REQUIREMENT: Copy the records below exactly, starting at the line that contains "中金社2017年5月12日消" and ending at the line that contains "In the center"; leave out any pictures.

DATA LISTING:
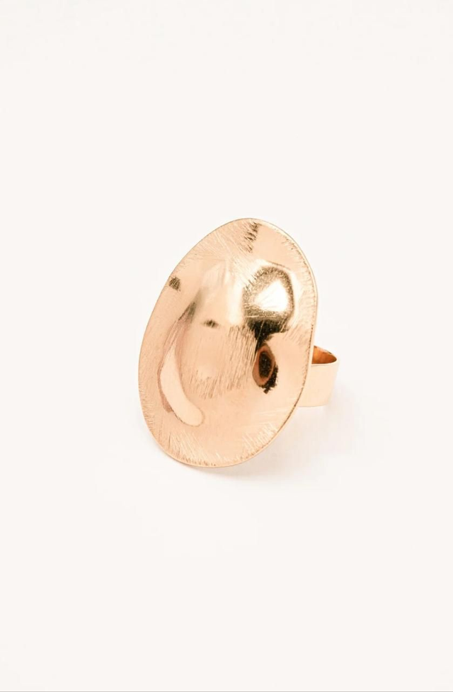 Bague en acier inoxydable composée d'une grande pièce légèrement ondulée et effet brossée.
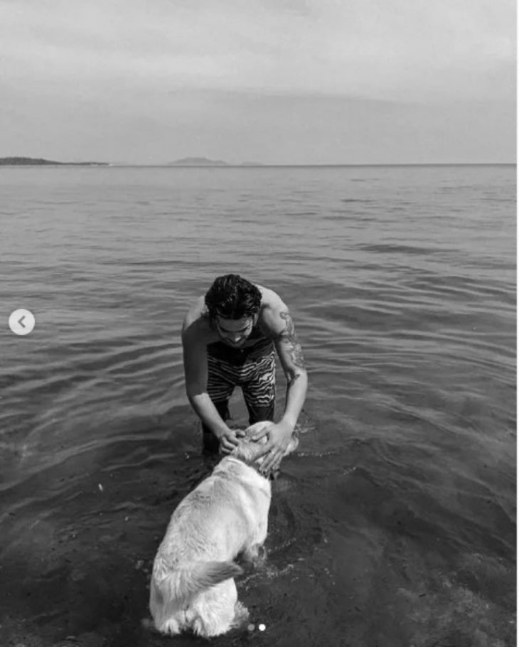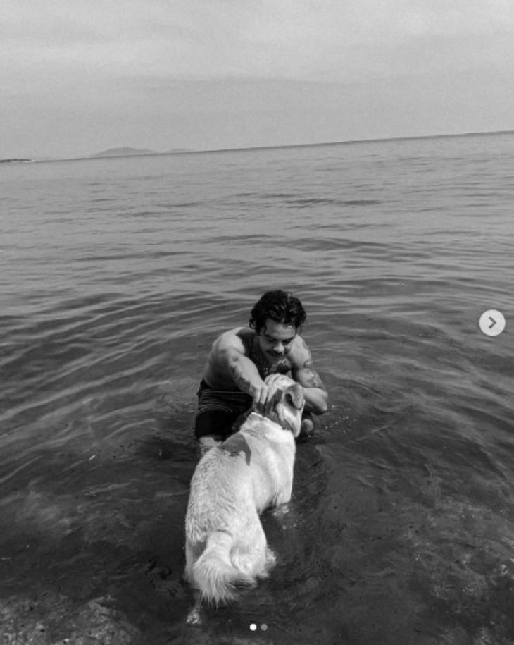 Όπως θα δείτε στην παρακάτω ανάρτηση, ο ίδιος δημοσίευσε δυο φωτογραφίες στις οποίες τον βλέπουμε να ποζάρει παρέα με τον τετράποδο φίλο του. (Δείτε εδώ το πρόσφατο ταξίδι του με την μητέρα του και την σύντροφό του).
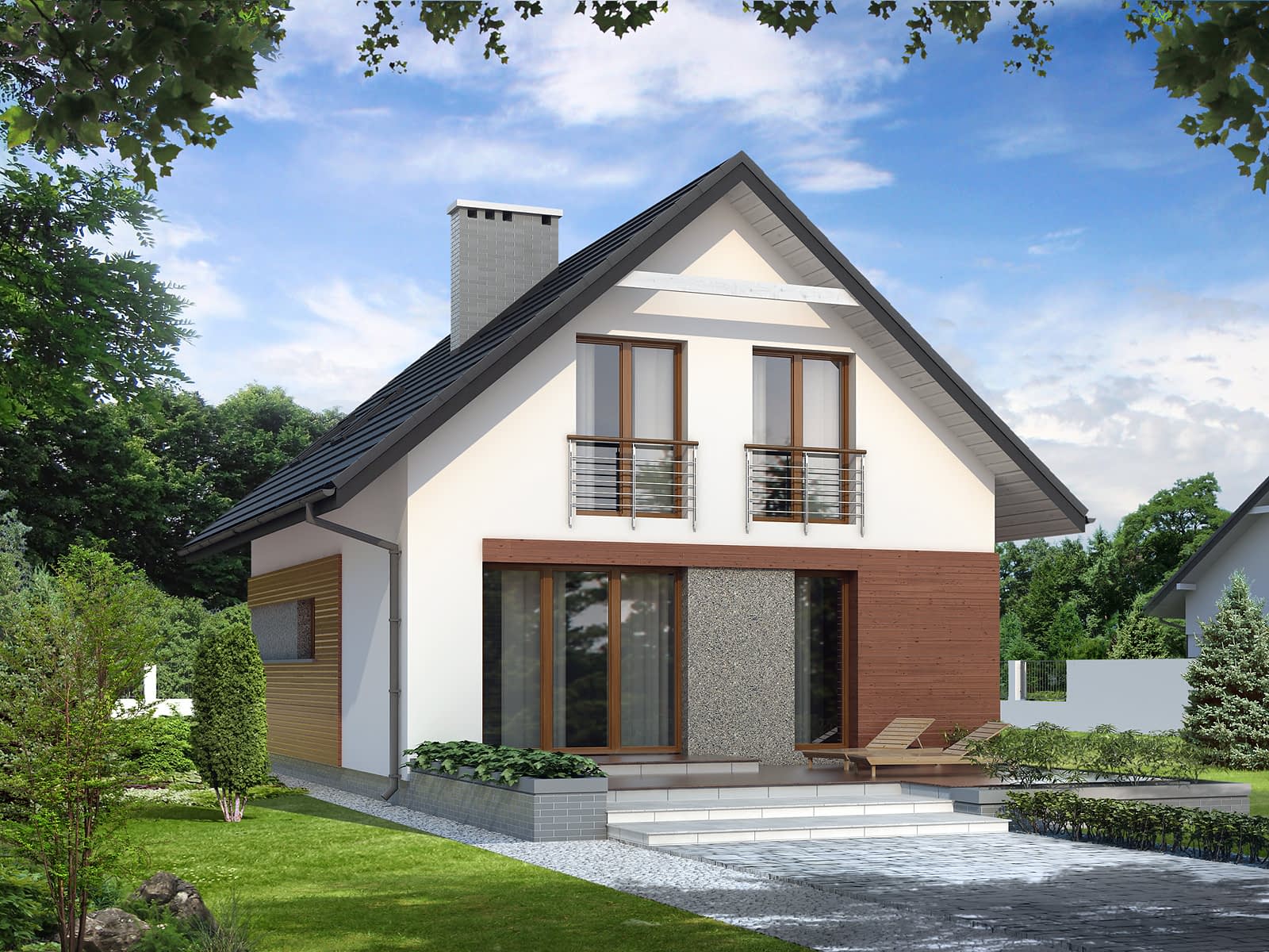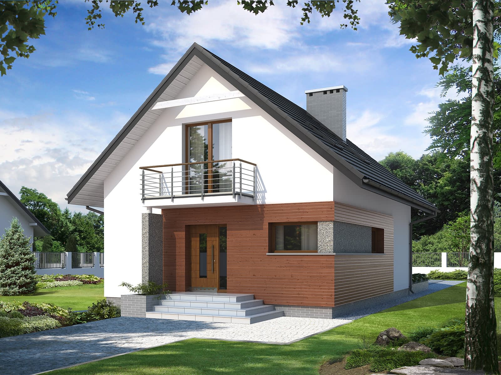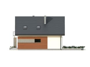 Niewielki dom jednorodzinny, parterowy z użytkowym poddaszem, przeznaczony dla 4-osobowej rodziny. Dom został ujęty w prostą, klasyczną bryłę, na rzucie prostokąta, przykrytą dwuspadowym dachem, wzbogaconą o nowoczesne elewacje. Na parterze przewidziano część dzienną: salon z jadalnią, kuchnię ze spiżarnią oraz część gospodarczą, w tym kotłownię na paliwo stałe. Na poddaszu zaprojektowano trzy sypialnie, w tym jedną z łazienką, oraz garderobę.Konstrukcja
...
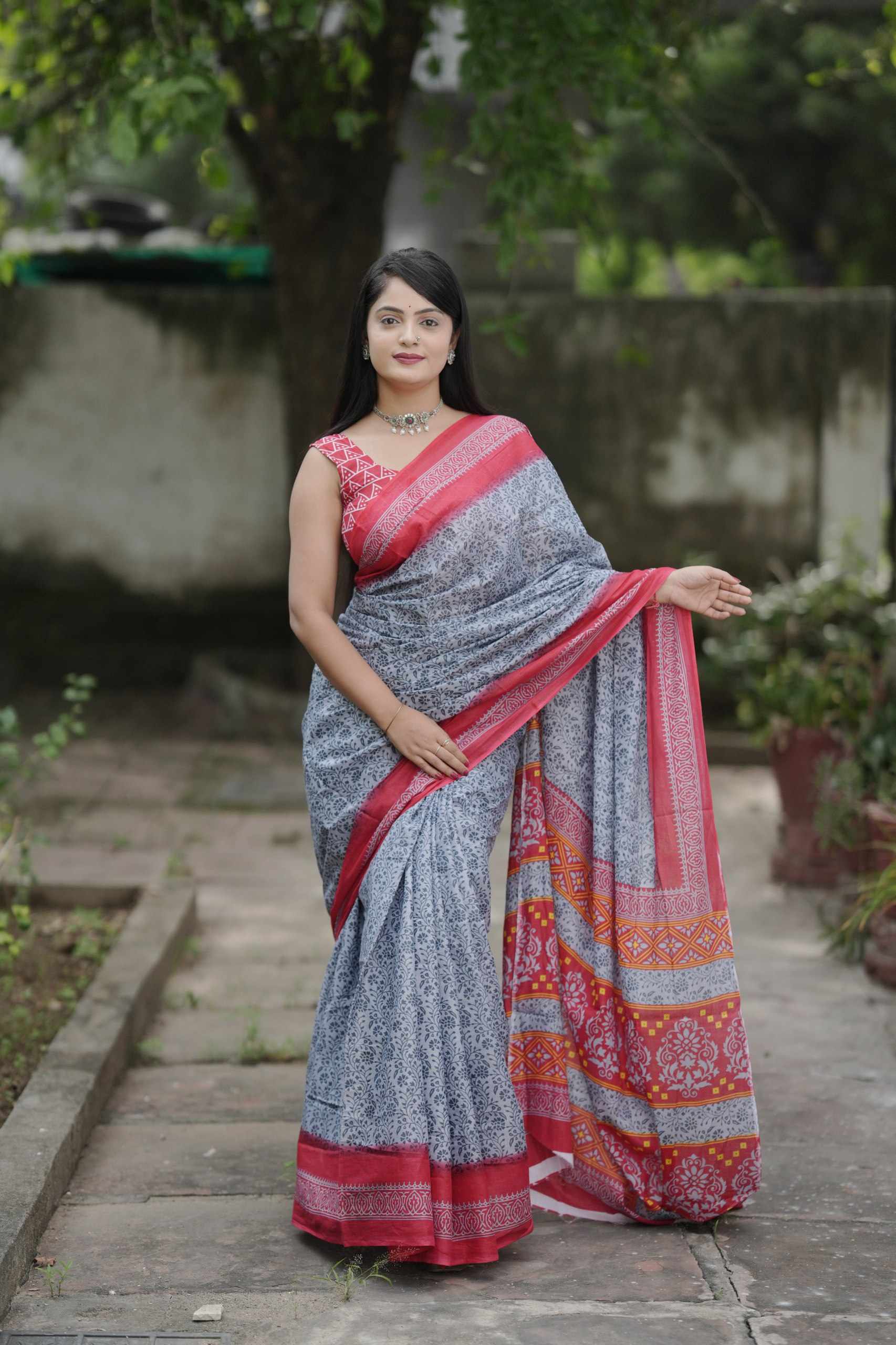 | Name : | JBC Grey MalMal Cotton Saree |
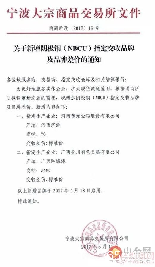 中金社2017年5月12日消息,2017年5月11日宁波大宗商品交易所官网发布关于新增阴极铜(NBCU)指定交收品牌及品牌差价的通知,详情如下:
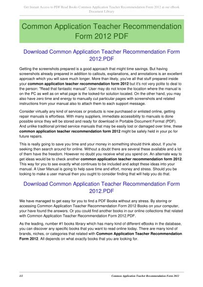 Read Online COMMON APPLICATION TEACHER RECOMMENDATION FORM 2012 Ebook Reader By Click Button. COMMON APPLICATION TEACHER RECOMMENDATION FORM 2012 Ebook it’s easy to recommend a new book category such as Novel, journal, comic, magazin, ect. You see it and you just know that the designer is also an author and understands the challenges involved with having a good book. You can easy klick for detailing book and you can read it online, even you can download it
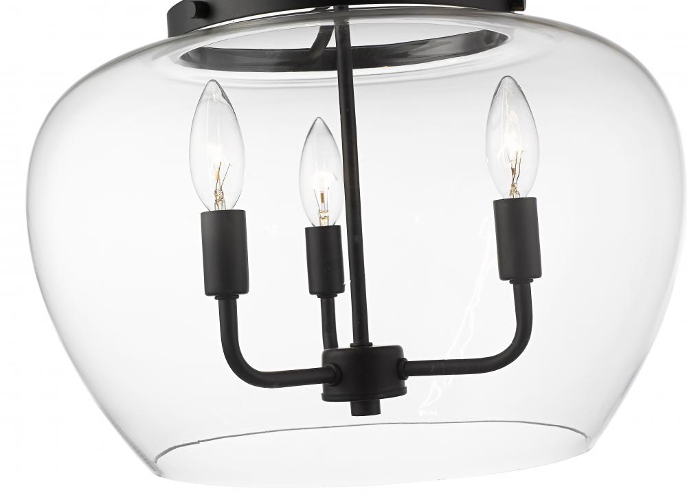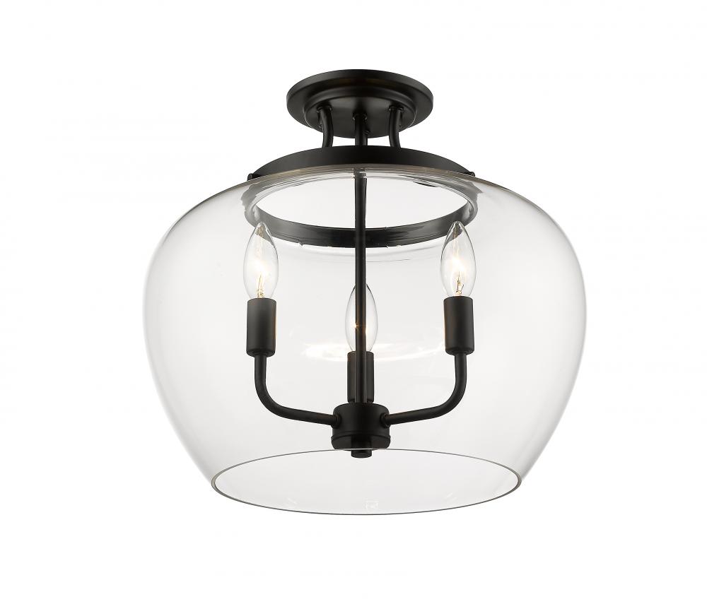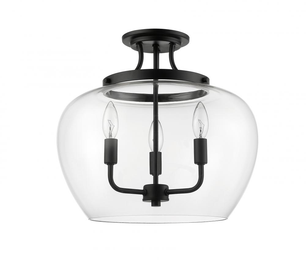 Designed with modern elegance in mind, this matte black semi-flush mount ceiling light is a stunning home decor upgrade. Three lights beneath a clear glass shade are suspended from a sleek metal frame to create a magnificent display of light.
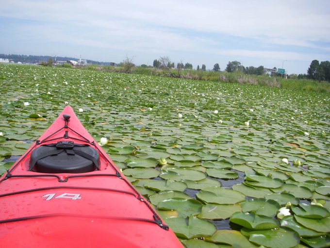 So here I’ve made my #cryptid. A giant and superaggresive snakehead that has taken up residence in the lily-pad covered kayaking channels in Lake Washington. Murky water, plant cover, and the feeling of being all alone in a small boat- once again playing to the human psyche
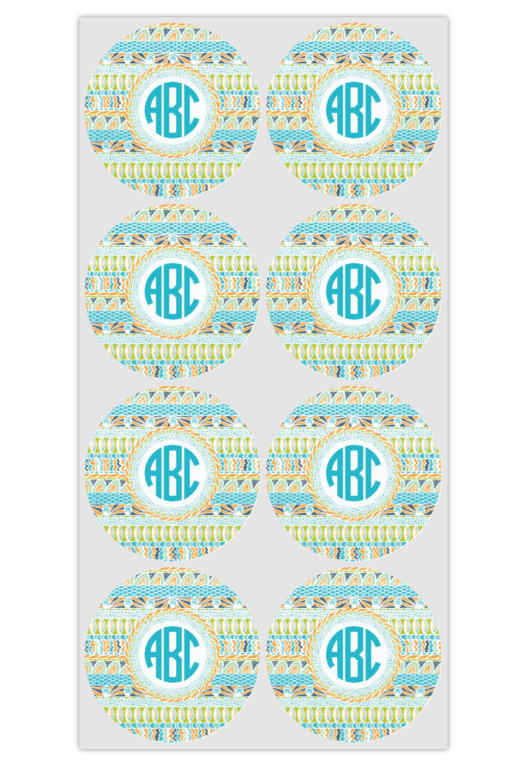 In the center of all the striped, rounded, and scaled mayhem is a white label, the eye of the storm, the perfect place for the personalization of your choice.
...
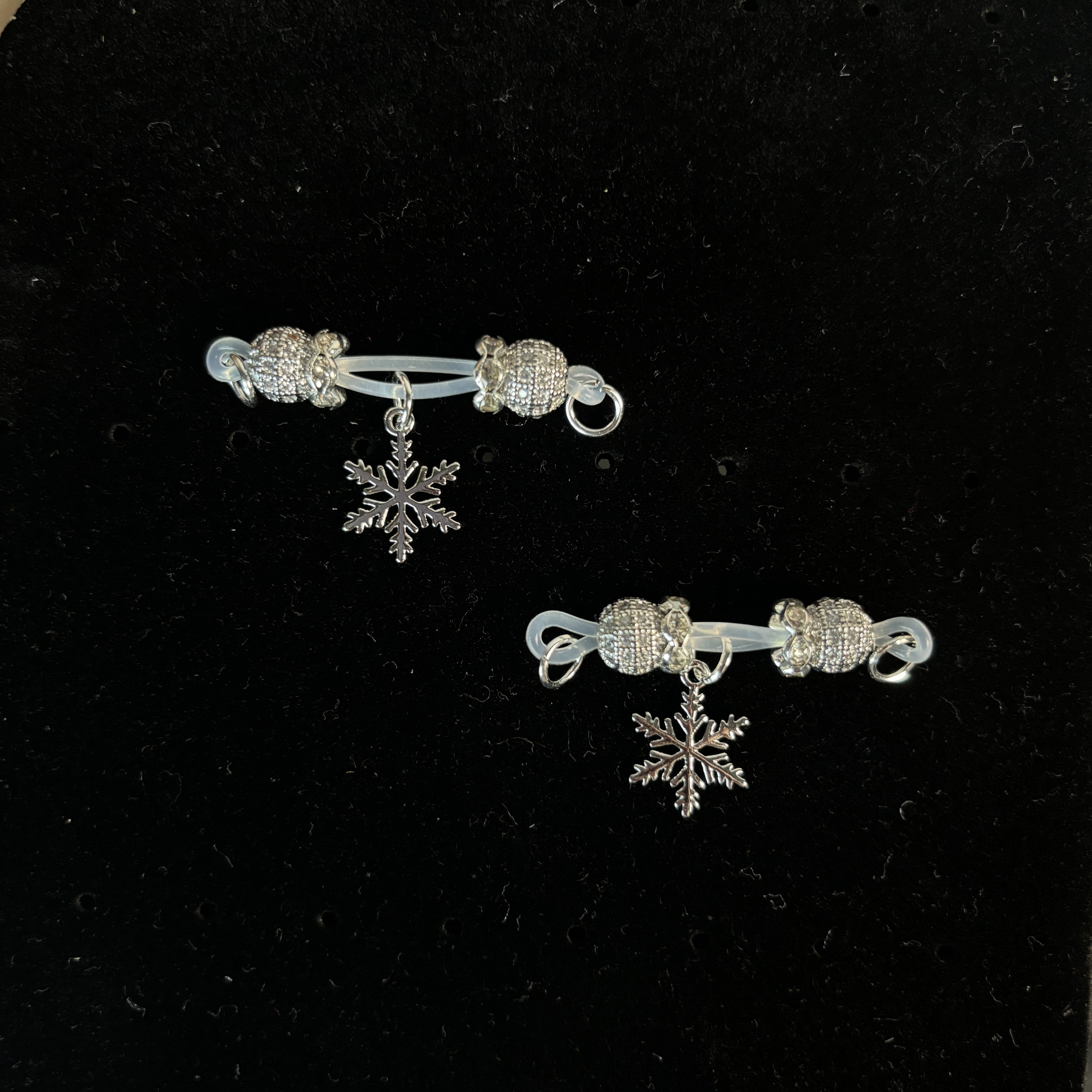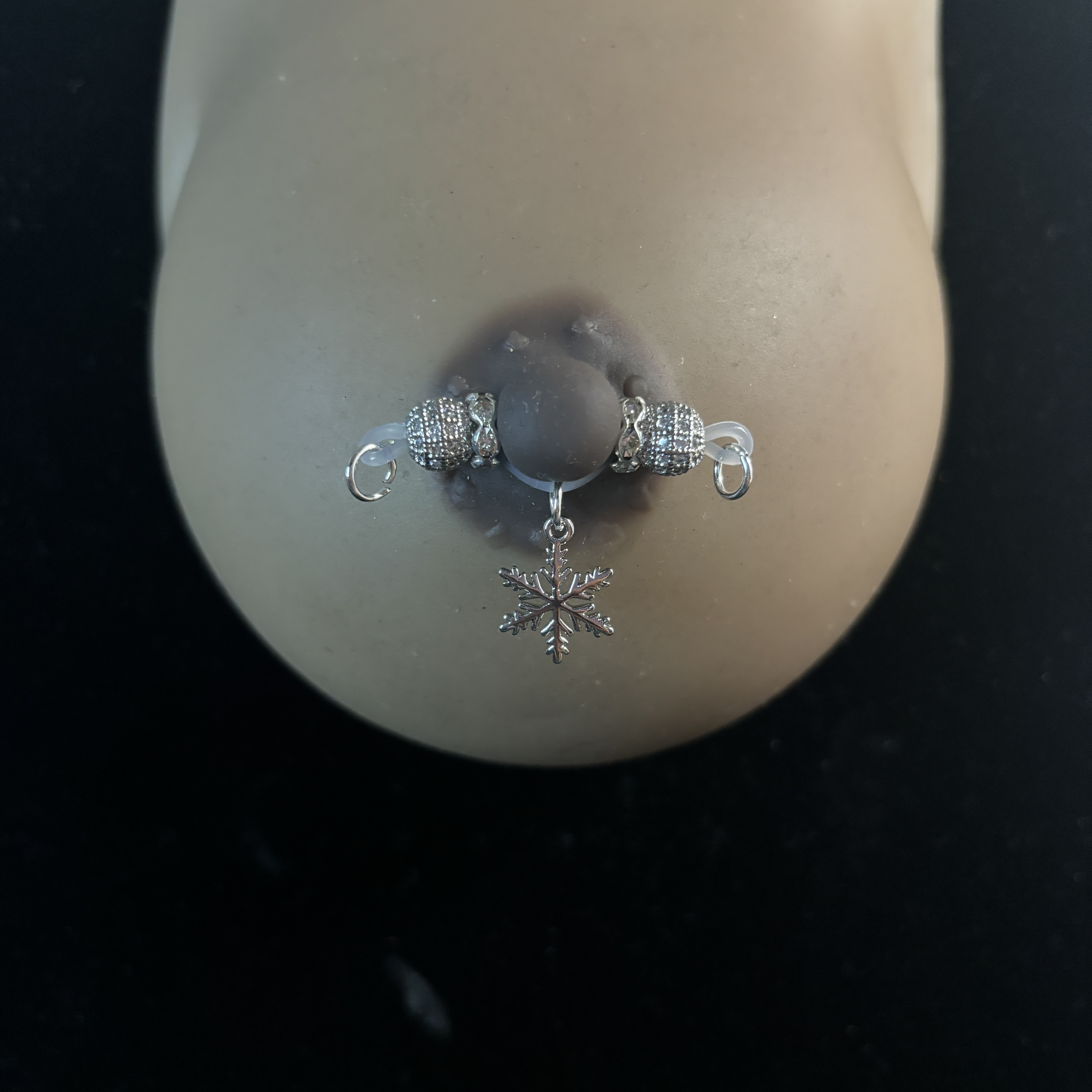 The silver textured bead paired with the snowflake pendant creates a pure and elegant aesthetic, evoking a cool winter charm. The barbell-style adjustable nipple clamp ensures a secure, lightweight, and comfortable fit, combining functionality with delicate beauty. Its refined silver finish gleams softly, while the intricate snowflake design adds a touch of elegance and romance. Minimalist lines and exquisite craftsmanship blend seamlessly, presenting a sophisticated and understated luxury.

TASK ANSWER:
 中金社2017年5月12日消息,2017年5月11日宁波大宗商品交易所官网发布关于新增阴极铜(NBCU)指定交收品牌及品牌差价的通知,详情如下:
 Read Online COMMON APPLICATION TEACHER RECOMMENDATION FORM 2012 Ebook Reader By Click Button. COMMON APPLICATION TEACHER RECOMMENDATION FORM 2012 Ebook it’s easy to recommend a new book category such as Novel, journal, comic, magazin, ect. You see it and you just know that the designer is also an author and understands the challenges involved with having a good book. You can easy klick for detailing book and you can read it online, even you can download it
 Designed with modern elegance in mind, this matte black semi-flush mount ceiling light is a stunning home decor upgrade. Three lights beneath a clear glass shade are suspended from a sleek metal frame to create a magnificent display of light.
 So here I’ve made my #cryptid. A giant and superaggresive snakehead that has taken up residence in the lily-pad covered kayaking channels in Lake Washington. Murky water, plant cover, and the feeling of being all alone in a small boat- once again playing to the human psyche
 In the center of all the striped, rounded, and scaled mayhem is a white label, the eye of the storm, the perfect place for the personalization of your choice.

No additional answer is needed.